Machine Learning with R (1)

WorkFlow in ML
Data Structure in R
Some Functions in R

In the following series of blogs, I will make some notes about the book “Machine Learning with R” written by Brett Lantz. In this blog, I will start with the introduction of R and Data Management.

WorkFlow in ML

Machine learning algorithms are virtually a prerequisite for data mining but the opposite is not true.
Trying to model the noise in data is the basis of the overfitting problem.
Collecting data -> Exploring and preparing the data -> Trainga model on the data -> Evaluating model performance -> Improving model performance.

Data Structure in R

Vector, all elements contained in a vector must be of the same type; ‘NA’ means missing value; ‘NULL’ means no value; other types include integer, numeric, character, and logical; subject_name <- c("Jason","Tom","Bob");
Lists, similar to vectors, can be understood as structures that allow the collection of different types of values; lists are created using the list() function;
Data frame, which combines the characteristics of vectors and lists, columns represent attributes, and rows represent instances, using the data.frame() function;
Factor, an attribute that represents a feature with a category value is called a nominal attribute.
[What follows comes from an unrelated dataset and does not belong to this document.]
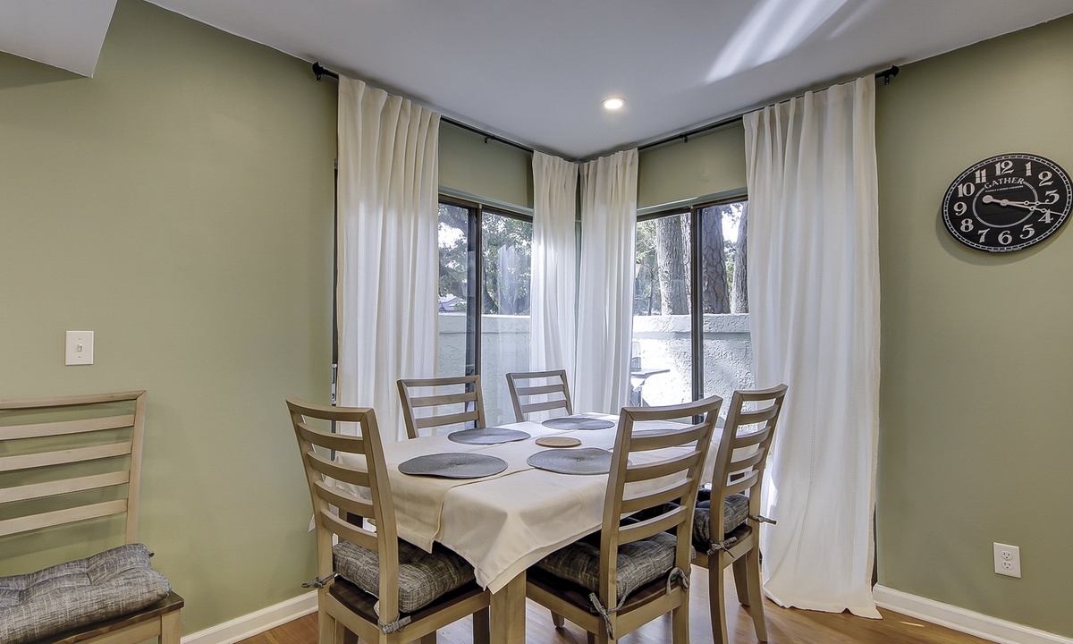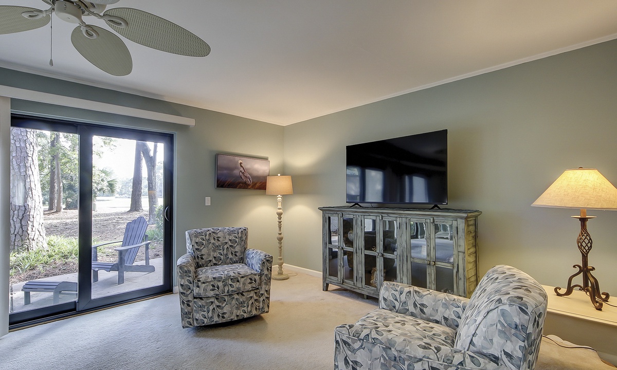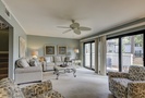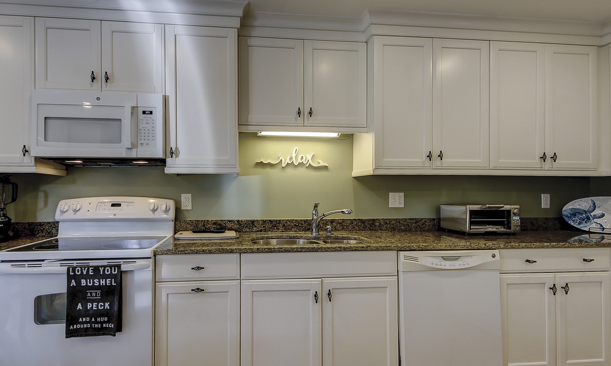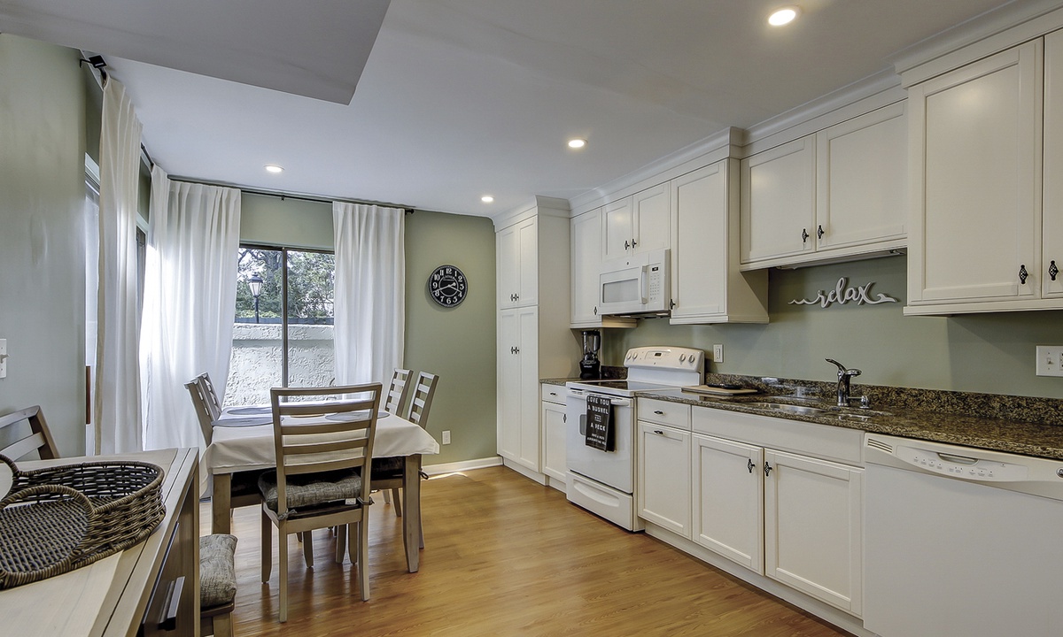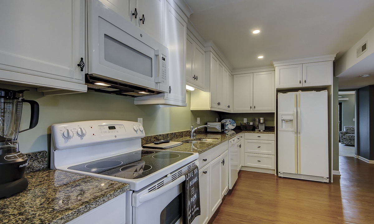 The spacious living area offers two seating areas, a sleeper sofa, large Smart TV and access to the private patio overlooking the golf course. Guests have access to a powder room just off the living area for added convenience. The large, fully equipped kitchen offers granite counters, plenty of cabinet space and a dining area with seating for 6.
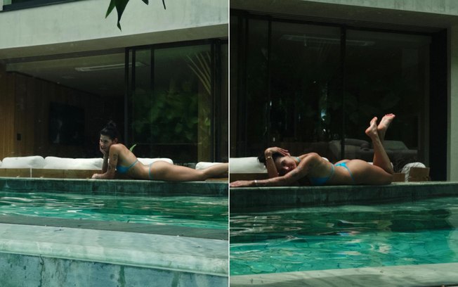 A cantora apareceu em uma sequência de fotos à beira da piscina, usando um biquíni azul enquanto aproveitava o sol e exibia as tatuagens.

In R, the factor() function is applied to represent this attribute data; levels specify all the categories that the data may obtain;
Matrix, which can only contain a single type of data; m <- matrix(c('a','b','c','d'), nrow=2);

Some Functions in R

I just noted some main key functions in R for exploring the statistical features of Data, and the most important things are learning to read the manual and using Google.

The function str() provides a method to display the structure of the data frame;
The function summary() provides statistics such as min, 1st Qu, Median, Mean, 3rd Qu, and Max;
The function range() returns the max and min values, diff() means difference, IQR get the interquartile range; quantile() finds any quantile; and seq() produces the vector of the same interval size elements;